### EXERCISE DETAILS
The answer must consist solely of the lines below starting at the one containing "Der Warzen Vereiser" and ending at the one containing "프랜차이즈 창업 정보를", repeated exactly, with both ends included and all pictures omitted.

*** DATA Section Begins ***

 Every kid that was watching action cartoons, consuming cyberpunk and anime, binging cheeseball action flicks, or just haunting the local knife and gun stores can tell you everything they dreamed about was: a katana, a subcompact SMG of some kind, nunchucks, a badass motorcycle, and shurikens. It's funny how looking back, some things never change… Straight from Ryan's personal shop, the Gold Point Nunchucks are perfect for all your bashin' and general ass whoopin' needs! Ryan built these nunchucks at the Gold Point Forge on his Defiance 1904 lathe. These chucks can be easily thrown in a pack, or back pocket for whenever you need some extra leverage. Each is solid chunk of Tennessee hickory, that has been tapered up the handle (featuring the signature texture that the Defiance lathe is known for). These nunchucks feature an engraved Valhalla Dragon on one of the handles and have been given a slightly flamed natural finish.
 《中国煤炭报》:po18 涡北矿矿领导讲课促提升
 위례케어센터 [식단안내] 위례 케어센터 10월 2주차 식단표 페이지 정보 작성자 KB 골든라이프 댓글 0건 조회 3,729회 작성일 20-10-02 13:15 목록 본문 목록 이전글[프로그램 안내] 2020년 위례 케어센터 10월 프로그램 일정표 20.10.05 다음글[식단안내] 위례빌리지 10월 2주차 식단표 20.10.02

*** DATA Section Ends ***
*** DATA Section Begins ***

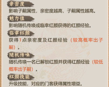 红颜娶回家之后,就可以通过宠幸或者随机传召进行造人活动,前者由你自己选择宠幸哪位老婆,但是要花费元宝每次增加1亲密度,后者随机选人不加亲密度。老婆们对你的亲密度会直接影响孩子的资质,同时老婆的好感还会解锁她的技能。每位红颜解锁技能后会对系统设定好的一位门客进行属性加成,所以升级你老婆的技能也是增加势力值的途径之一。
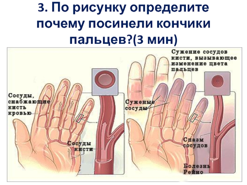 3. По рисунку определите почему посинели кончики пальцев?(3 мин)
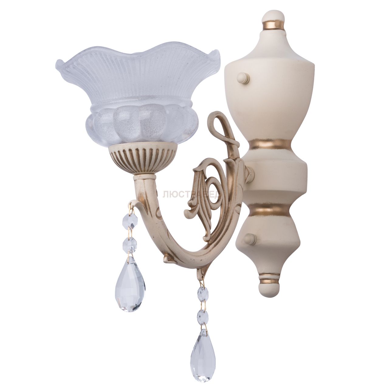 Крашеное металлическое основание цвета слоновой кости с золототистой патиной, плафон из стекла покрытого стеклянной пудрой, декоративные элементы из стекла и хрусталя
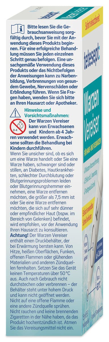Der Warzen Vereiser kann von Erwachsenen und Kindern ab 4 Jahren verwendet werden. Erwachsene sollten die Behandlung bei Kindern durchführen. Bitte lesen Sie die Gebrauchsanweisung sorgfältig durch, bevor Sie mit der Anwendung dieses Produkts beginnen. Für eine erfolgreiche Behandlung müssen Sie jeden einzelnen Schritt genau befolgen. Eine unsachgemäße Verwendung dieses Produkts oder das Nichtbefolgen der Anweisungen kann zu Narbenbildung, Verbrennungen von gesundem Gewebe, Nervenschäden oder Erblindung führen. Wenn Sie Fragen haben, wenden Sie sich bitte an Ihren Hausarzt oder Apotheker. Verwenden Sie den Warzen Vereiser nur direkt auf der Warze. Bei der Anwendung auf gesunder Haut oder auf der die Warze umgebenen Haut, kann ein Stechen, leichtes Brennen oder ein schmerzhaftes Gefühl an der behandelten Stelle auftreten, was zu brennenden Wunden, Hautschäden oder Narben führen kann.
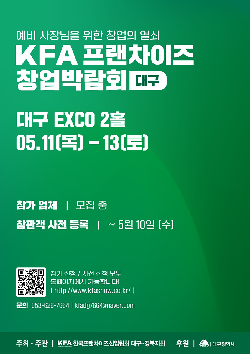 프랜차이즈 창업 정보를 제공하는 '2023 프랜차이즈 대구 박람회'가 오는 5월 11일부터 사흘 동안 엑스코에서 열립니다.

*** DATA Section Ends ***

### TASK OUTPUT
Der Warzen Vereiser kann von Erwachsenen und Kindern ab 4 Jahren verwendet werden. Erwachsene sollten die Behandlung bei Kindern durchführen. Bitte lesen Sie die Gebrauchsanweisung sorgfältig durch, bevor Sie mit der Anwendung dieses Produkts beginnen. Für eine erfolgreiche Behandlung müssen Sie jeden einzelnen Schritt genau befolgen. Eine unsachgemäße Verwendung dieses Produkts oder das Nichtbefolgen der Anweisungen kann zu Narbenbildung, Verbrennungen von gesundem Gewebe, Nervenschäden oder Erblindung führen. Wenn Sie Fragen haben, wenden Sie sich bitte an Ihren Hausarzt oder Apotheker. Verwenden Sie den Warzen Vereiser nur direkt auf der Warze. Bei der Anwendung auf gesunder Haut oder auf der die Warze umgebenen Haut, kann ein Stechen, leichtes Brennen oder ein schmerzhaftes Gefühl an der behandelten Stelle auftreten, was zu brennenden Wunden, Hautschäden oder Narben führen kann.
 프랜차이즈 창업 정보를 제공하는 '2023 프랜차이즈 대구 박람회'가 오는 5월 11일부터 사흘 동안 엑스코에서 열립니다.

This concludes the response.